Systemic Lupus Erythematosus
Systemic lupus erythematosus (SLE) is a chronic inflammatory autoimmune disease that can affect various organs of the body and has a wide variety of clinical pictures. The woman to man ratio in the young adult population is about 8:1 while the ratio in the child and the elderly populations is closer to 2:1. The cause of SLE remains uncertain.
Risk factors for SLE include: exposure to the sun, fluorescent lights, tanning beds, infections, or stress. Surgery can increase SLE activity. Pregnancy can trigger the first episode of SLE or cause a relapse.
Signs and symptoms:
Constitutional symptoms are a common early complaint and include: fatigue, unintentional weight loss or weight gain, fever, migratory muscle and joint pain. Specific organ-related symptoms include: Joint pain and stiffness, arthritis typically non-deforming. Skin and mucosal manifestations: malar or butterfly rash, discoid lesions (coin-shaped, raised, scaly, inflammatory paches), skin photosensitivity with sunlight or fluorescent light exposure, hair loss (alopecia), mouth ulcers. The Raynaud’s phenomenon consisting of a white/pale then blue discoloration of the fingers and toes that occurs with cold exposure followed by a normal color with warm exposure. Kidney disease is common in SLE and may be completely asymptomatic. Monitoring for changes in kidney function is strongly recommended (blood tests and urine analysis). The gastrointestinal tract is rarely affected by SLE, but may be a result of medication side effects, (steroids and NSAIDs) or the inflammation of the pancreas (pancreatitis), the lining of the abdomen (peritonitis), or the large intestine (colitis) which can induce severe abdominal pain, nausea, and vomiting. Lung and heart disease are frequent from inflammation of the lining covering the lungs (pleurisy) or the heart (pericarditis). Cerebral lupus includes seizures and psychosis. It exhibits a broad spectrum of symptoms: concentration problems, memory loss, depression, anxiety, dry eyes, and dry mouth. Abnormal blood tests: low blood counts (anemia, low white blood cells – leucopenia; or low platelets – thrombocytopenia) are common in patients with SLE. Immunologic tests: positive ANA (antinuclear antibody), anti-dsDNA antibody, anti-Sm antibody, anti-phospholipids antibody, false positive serologic test for syphilis (RPR), anti-SSA antibody, anti-SSB antibody, low complement C3 and C4.

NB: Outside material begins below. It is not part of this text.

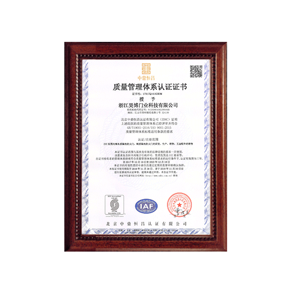 公司一直以來嚴格執(zhí)行ISO9001質(zhì)量體系和ISO14001環(huán)境管理體系標準,建立了完備的科研、開發(fā)、生產(chǎn)、銷售服務(wù)體系。公司是浙江省門業(yè)協(xié)會會員單位,江山門業(yè)協(xié)會理事單位,中國木材與木制品流通協(xié)會會員單位,江山市消防協(xié)會副會長單位。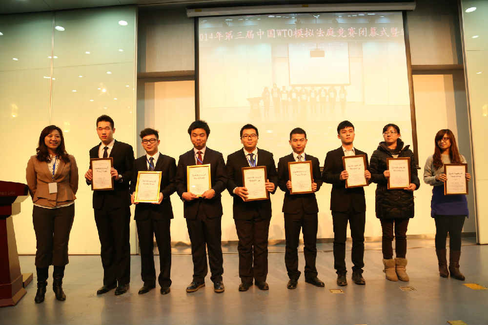 大赛闭幕式暨颁奖典礼于14日下午在刘皇发学术报告厅举行。英国365集团网站副董事长张桂林、原条法司司长张玉卿、商务部世贸法二处处长于方、英国上市公司365经理孔庆江出席闭幕式,参加闭幕式的还有商务部部分领导及律师界的部分同仁。

Fatigue can often be treated with steroids, Hydroxychloroquine (Plaquenil), combined with exercise. A short course of Prednisone may also help. Fever due to active SLE can usually be treated with non-steroidal anti-inflammatory drugs (NSAIDs) and/or acetaminophen. Steroids are rarely needed for fever. A photosensitive rash can be prevented by avoiding sun exposure and by using sunscreen (at least SPF 30) daily. Other skin rashes may be treated with, Hydroxychloroquine, Methotrexate or Dapsone. Inflammatory arthritis responds to DMARDs like Hydroxychloroquine, Methotrexate, and Azathioprine. Severe disease flares (kidney, nervous system and vasculitis) require high dose IV corticosteroids in conjunction with immunosuppressive drugs like: Azathioprine (Imuran), Methotrexate, Cyclophosphamide (Cytoxan), Mycophenolate Mophetil (Cellcept). Additional specific treatments are required for: hypertension, infection, cerebral lupus, thrombosis and blood disorders. A close follow-up with the rheumatologist and regular blood and urine analyses every three months are essential for the control of the disease and for monitoring the medication side effects.